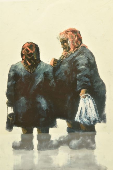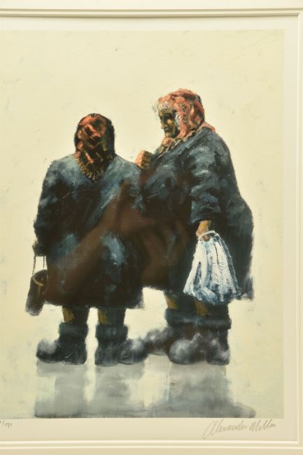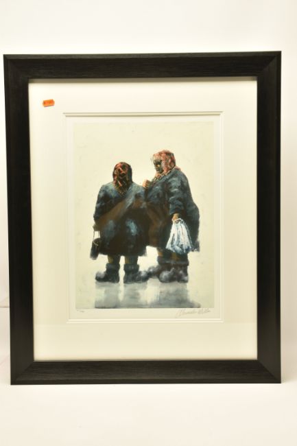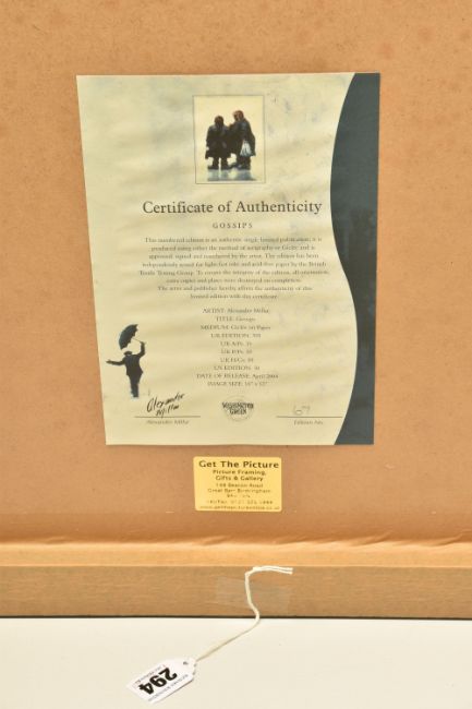 ALEXANDER MILLAR (SCOTLAND 1960) 'GOSSIPS', a signed limited edition print on paper, depicting two females talking together, 67/395 with certificate, approximate size 45cm x 33cm, frame size 71cm x 59cm, Condition Report: good condition
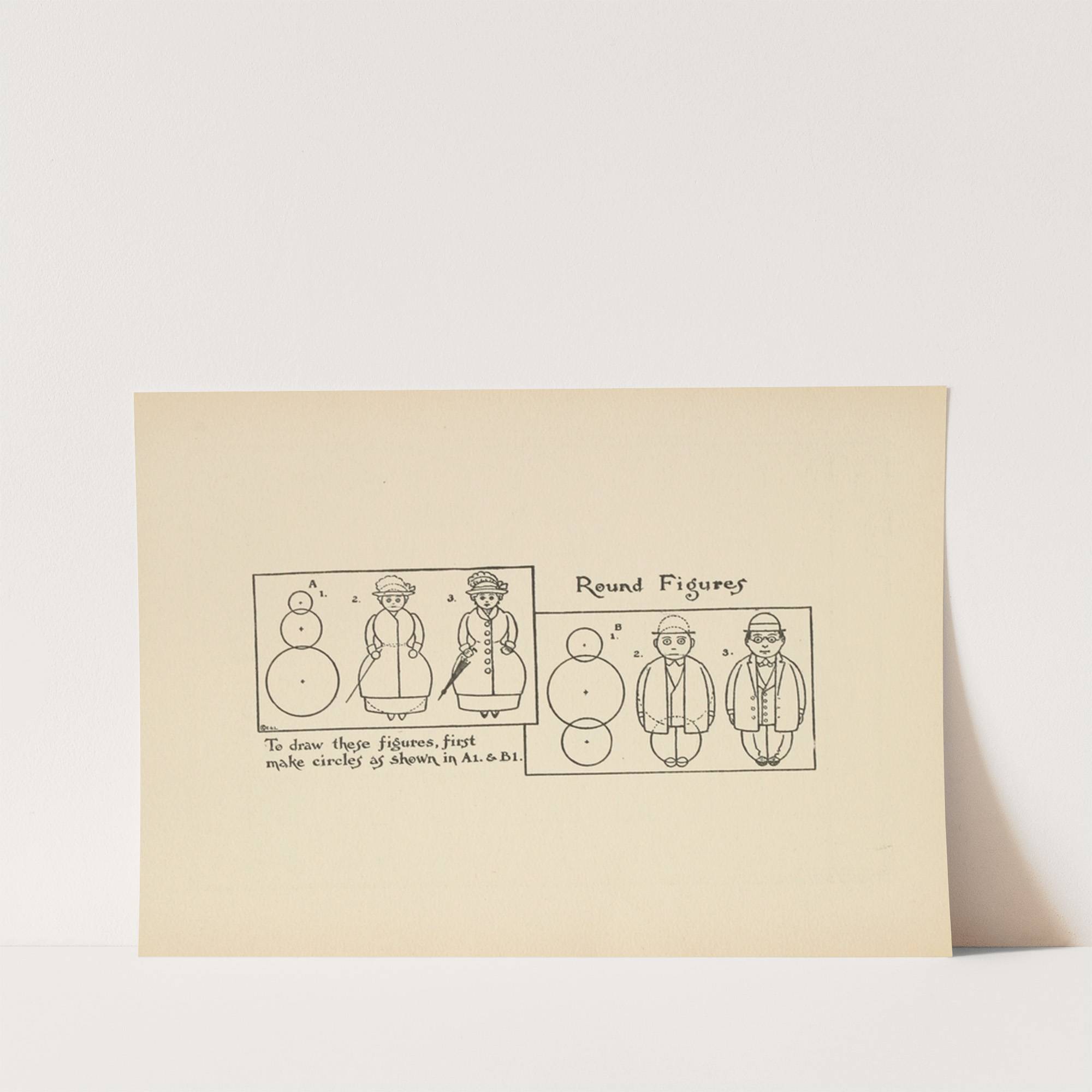 This digital line drawing by Edwin George Lutz features two round figures labeled "Round Figures" in a simple, minimalist style. The left section shows three versions of the same figure: a basic circle (bottom), an enhanced version with arms and...
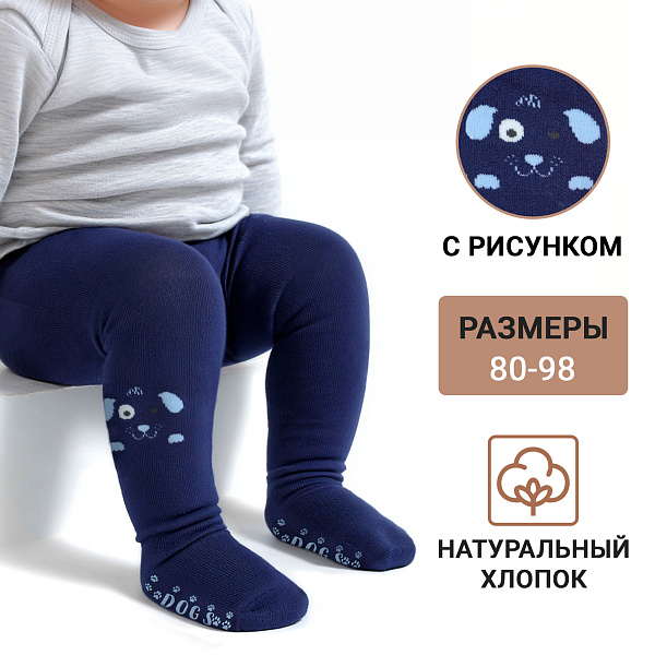 Колготки имеют глубокий синий цвет. На них изображен милый щенок. Это теплая модель для холодного времени года. На подошвах расположены прорезиненные рисунки. Они помогают избежать скольжения на гладком полу. Плотное трикотажное полотно хорошо сохраняет тепло. Мягкая резинка на поясе не перетягивает живот.
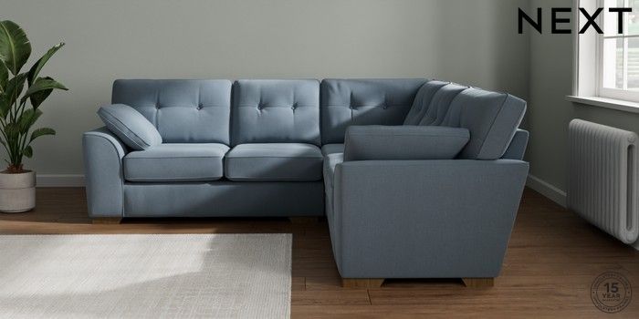 7.2.10 Stamford Buttoned Back Medium Corner Sofa - Universal Relaxed Linen Look Mid Blue Large Square Angle - Mid | Made Click here to use our website with more accessibility support, for example screen readers
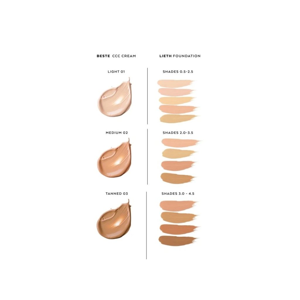 Pro světlé až střední tóny pleti, středně béžová s hřejivým žluto zlatým pigmentem.
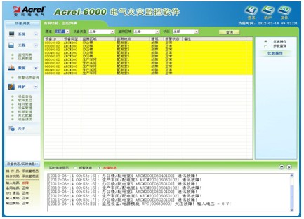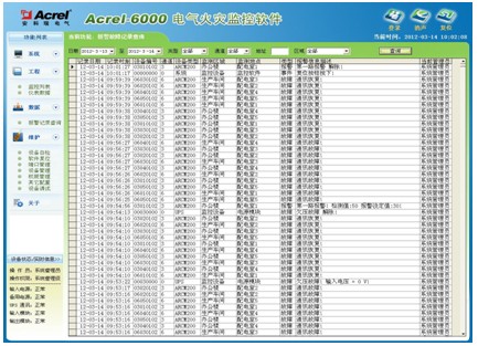 AcrelAcrel-6000 係列監控設備是整個電氣火災監控的最頂端,可連接多台 ARCM 係列探測器,組成一套功能齊全的電氣火災監控係統,具有聲光報警功能,並同步顯示報警回路,其報警信息可以保存 12 個月以上,後備不間斷電源可以保證市電失電後連續運行 4 小時以上,監控係統分為壁掛式、琴台式和櫃體式 3 種,有效通訊距離可達 1200 多米,多台設備之間或者設備和其他係統如報警與消防聯動係統、電力監控係統等可進行數據交換。並且該係列監控設備具備自檢功能,從硬件、軟件、通訊線路、電源各個方麵進行係統自檢,以隨時掌握係統產品運行狀態,保證係統運行的可靠性。
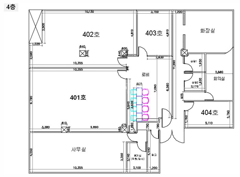 인포로비, 룸 8개(대형5개, 소형3개, 사무실,상담실 2개, 회의실 2개
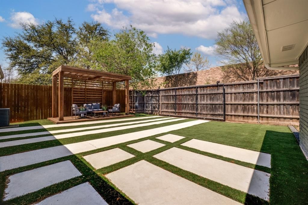 Welcome to your exquisite sanctuary located in one of the most coveted neighborhoods for its proximity to prestigious private schools and the finest attractions Dallas has to offer. This remarkable four-bedroom residence has been masterfully updated, harmoniously blending contemporary luxury with the enchanting allure of mid-century modern design. As you enter this stunning home, you are greeted with striking architectural details and warm, inviting lighting that sets a sophisticated tone. The expansive living area, immersed in natural light, features elegant floors, and distinctive paneling around the fireplace that exudes timeless charm. The kitchen is gorgeous, boasting stainless-steel appliances, and quartz countertops. The open layout flows seamlessly into the dining area, creating an ideal setting. Each of the four bedrooms serves as a peaceful retreat, while one of the bedrooms is privately located in the other wing of the house, which can easily function as a guest suite. The beautifully remodeled bathrooms are a true highlight, featuring luxurious showers, designer tiles, and modern fixtures that transform daily routines into spa-like experiences. Step outside to discover a private outdoor oasis, perfect for alfresco dining or simply unwinding in the serene surroundings. Surrounded by a private fence, the backyard provides a peaceful atmosphere. With a clean and modern look, artificial grass is soft underfoot, inviting you to walk barefoot and enjoy the feeling of a lush lawn without the maintenance. Above, a stylish pergola offers a sense of shelter and elegance. The space is thoughtfully arranged with comfortable outdoor furniture, including a cozy seating area and table. The rear side yard features a large raised bed with natural grass perfect for planting, and gardening. This home is not just a residence; it's a lifestyle in a quiet community that embodies sophistication and charm. Don't miss the chance to claim this extraordinary property as your own!
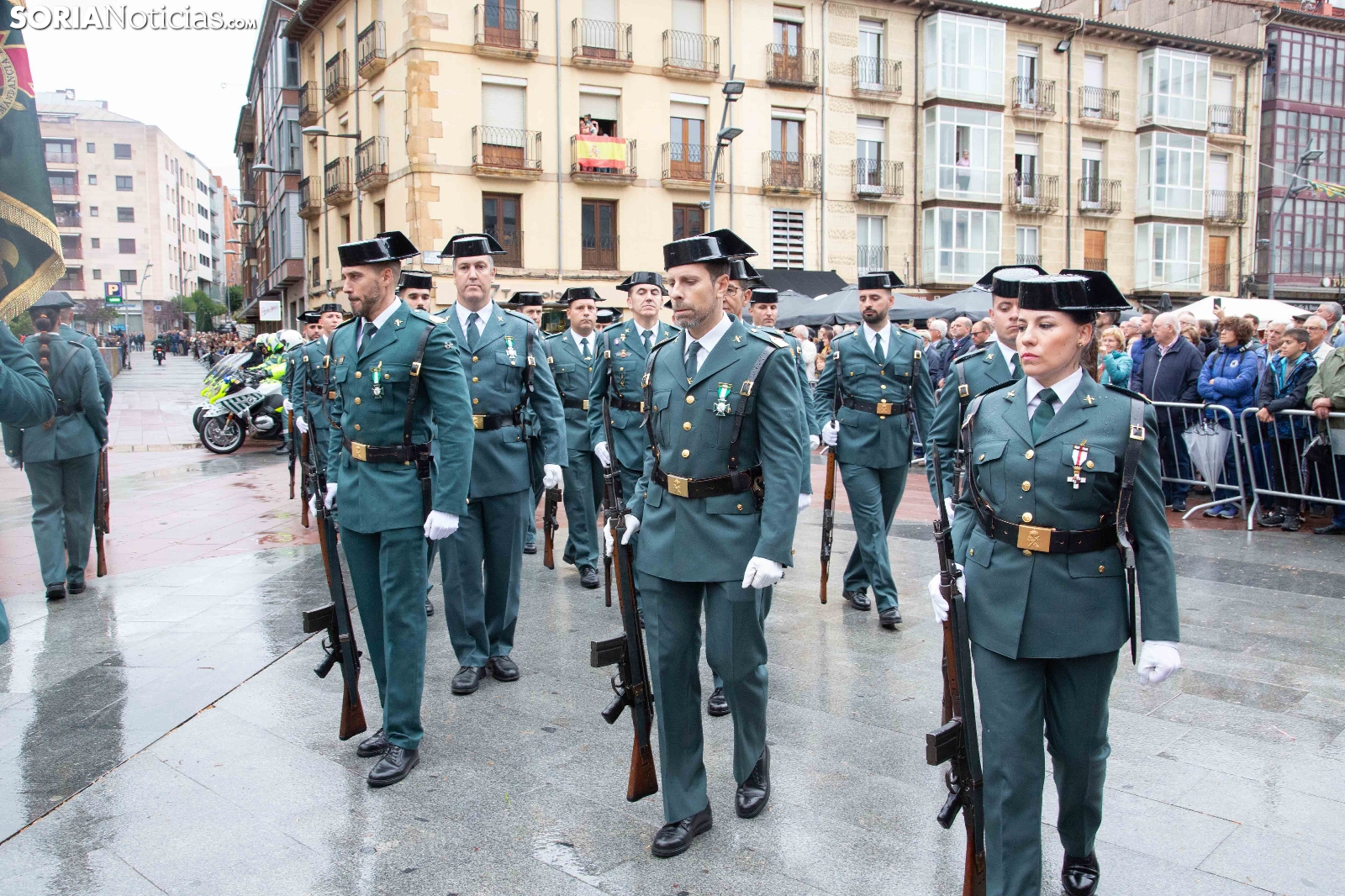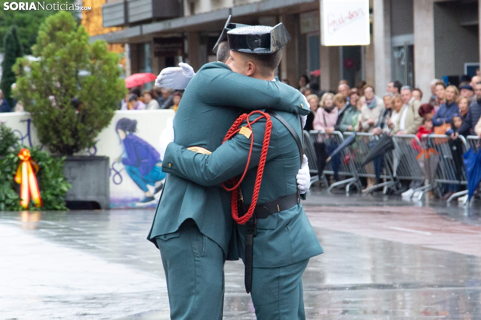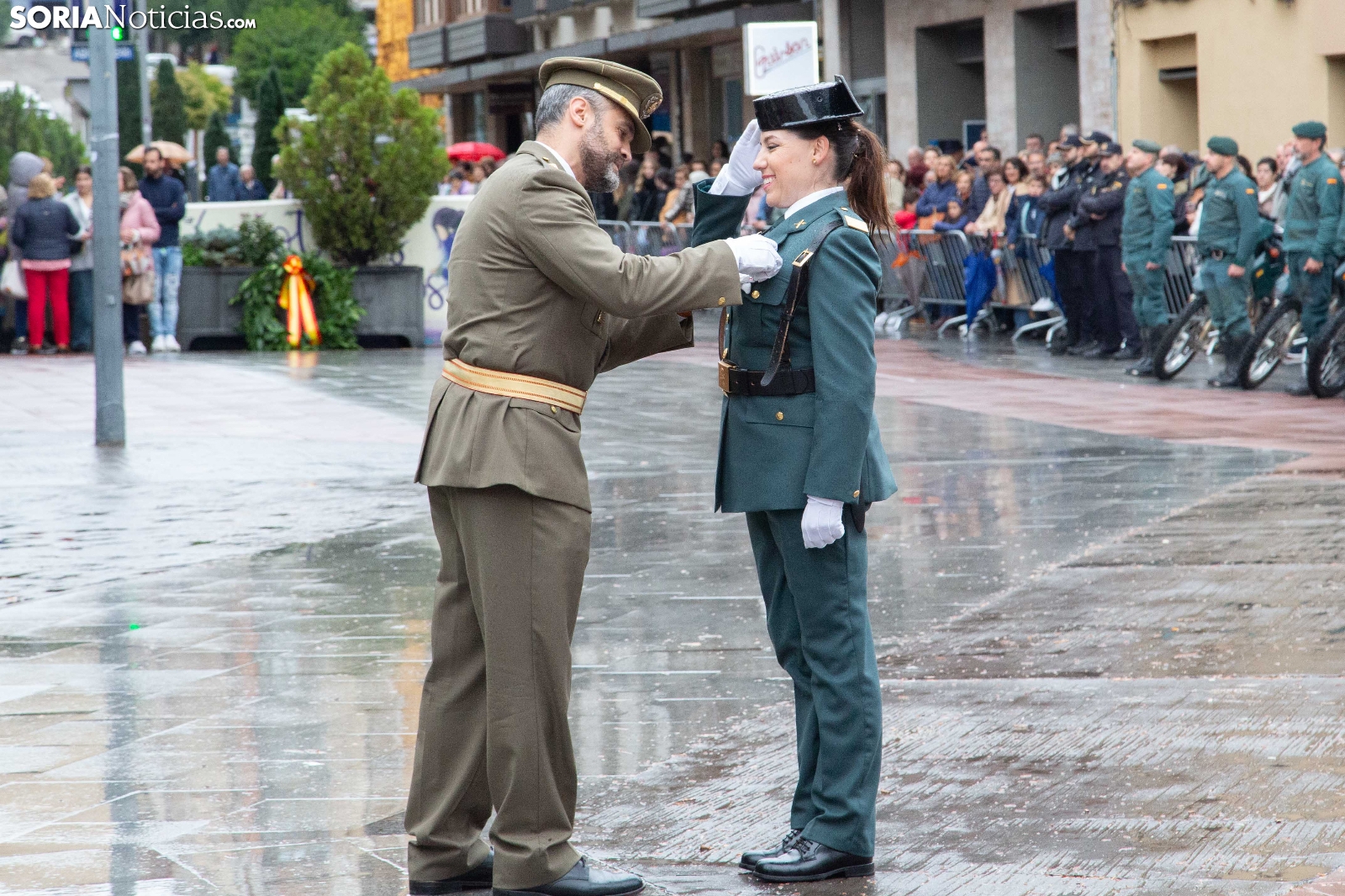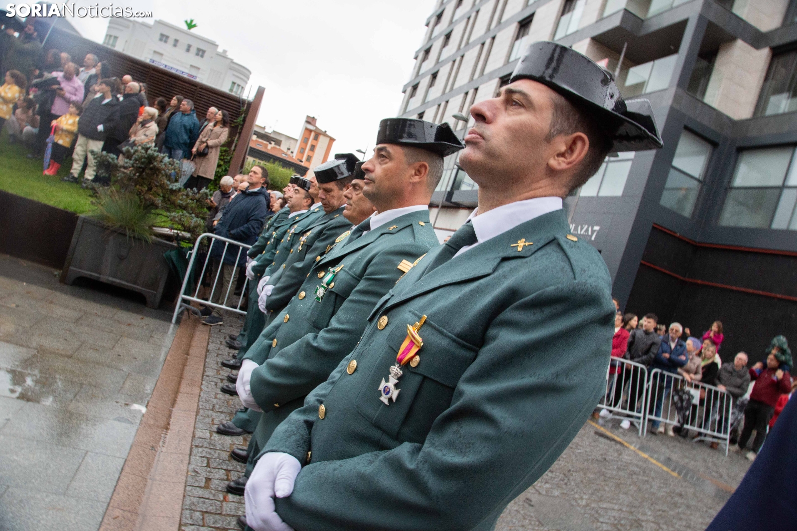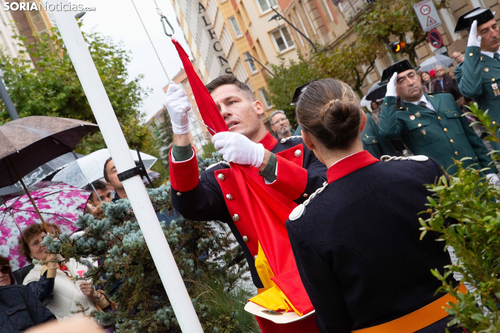 La Plaza Mariano Granados de la capital ha sido el epicentro de los actos de celebración del 12 de octubre en Soria. Representantes políticos de distintas instituciones se han reunido para honrar a la patrona de la Guardia Civil y homenajear a los que dieron su vida en un acto de servicio. El tiempo lo ha puesto difícil, pero los sorianos no han querido perderse el evento.

Task brief » Return the material line for line, from its beginning to the line that contains "Pro světlé až", with the pictures left out.

Response to the exercise »
 ALEXANDER MILLAR (SCOTLAND 1960) 'GOSSIPS', a signed limited edition print on paper, depicting two females talking together, 67/395 with certificate, approximate size 45cm x 33cm, frame size 71cm x 59cm, Condition Report: good condition
 This digital line drawing by Edwin George Lutz features two round figures labeled "Round Figures" in a simple, minimalist style. The left section shows three versions of the same figure: a basic circle (bottom), an enhanced version with arms and...
 Колготки имеют глубокий синий цвет. На них изображен милый щенок. Это теплая модель для холодного времени года. На подошвах расположены прорезиненные рисунки. Они помогают избежать скольжения на гладком полу. Плотное трикотажное полотно хорошо сохраняет тепло. Мягкая резинка на поясе не перетягивает живот.
 7.2.10 Stamford Buttoned Back Medium Corner Sofa - Universal Relaxed Linen Look Mid Blue Large Square Angle - Mid | Made Click here to use our website with more accessibility support, for example screen readers
 Pro světlé až střední tóny pleti, středně béžová s hřejivým žluto zlatým pigmentem.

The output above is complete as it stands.